Cisco Systems Inc. reached an $8.6 million settlement Wednesday in a whistleblower suit alleging the technology company knowingly misled customers about the security of its video surveillance products.
That settlement will be divided among 16 U.S. states, including San Jose-based Cisco’s home state California, the U.S. federal government and the whistleblower who raised concerns.
The settlement covers government purchases of Cisco’s Video Surveillance Manager product. Plaintiffs in the qui tam suit allege the product had “several critical security flaws,” allowing hackers to possibly access user passwords and system data, delete video feeds or gain permanent administrator access.
A representative from Cisco said there was “no allegation or evidence that any unauthorized access to customers’ video occurred as a result of the architecture.” Cisco stopped selling the software in 2014.
“We are pleased to have resolved a 2011 dispute involving the architecture of a video security technology product we added to our portfolio through the Broadware acquisition in 2007,” the representative said in an email.
The suit was brought by James Glenn, a former Denmark-based employee of Cisco partner company Net Design, who said he alerted Cisco to security flaws in their surveillance product in October 2008. According to the complaint, Glenn was “fired shortly after disclosing his concerns to Cisco and his employer.”

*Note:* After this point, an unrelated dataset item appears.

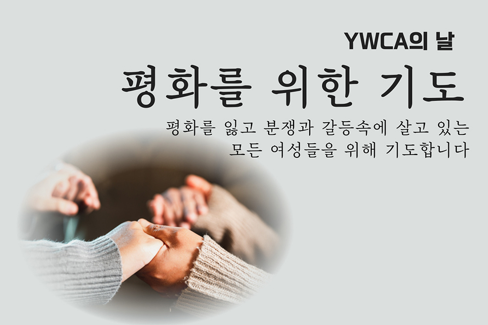 한반도를 비롯하여 미얀마, 팔레스타인, 우크라이나 등 평화가 아닌 분쟁과 갈등 속에 살고 있는 자매들의 위해 YWCA의 모든 구성원들이 함께 기도하며 행동할 것을 다짐하는 하루를 보냅시다.
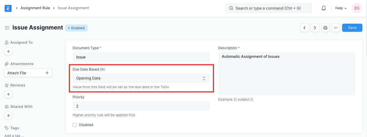 "Due Date Based On" option will not be available if "Document Type" is not yet selected or if the selected Document Type does not have any "Date" or "Datetime" field.

After his firing, Glenn continued to monitor Cisco’s surveillance flaws, concerned that government purchasers were at risk, according to the suit filed the suit in the U.S. District Court for the Western District of New York.
“I was very concerned about the possibility that someone might endanger public safety by hacking into government systems,” Glenn said in a press release Wednesday. “I filed the qui tam lawsuit to make the government aware of the problem and to get it fixed. I am glad that Cisco replaced the affected product and that the case has been settled.”

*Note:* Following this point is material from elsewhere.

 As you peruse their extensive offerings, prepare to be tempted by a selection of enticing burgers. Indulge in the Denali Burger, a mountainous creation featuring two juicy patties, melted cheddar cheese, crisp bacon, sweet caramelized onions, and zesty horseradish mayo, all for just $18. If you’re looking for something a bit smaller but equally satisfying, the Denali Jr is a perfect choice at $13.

Glenn was represented by counsel from Phillips & Cohen, including partner Claire Sylvia. Attorneys from the U.S. Department of Justice, New York State Attorney General’s office and Taxpayer Protection Bureau also worked on the case.
“Cybersecurity products are an important piece of government spending these days, and it’s essential that those products comply with critical regulatory and contractual requirements,” Sylvia said in a press release. “The tech industry can expect whistleblowers to continue to step forward when serious problems are ignored, thanks to laws that reward and protect them.”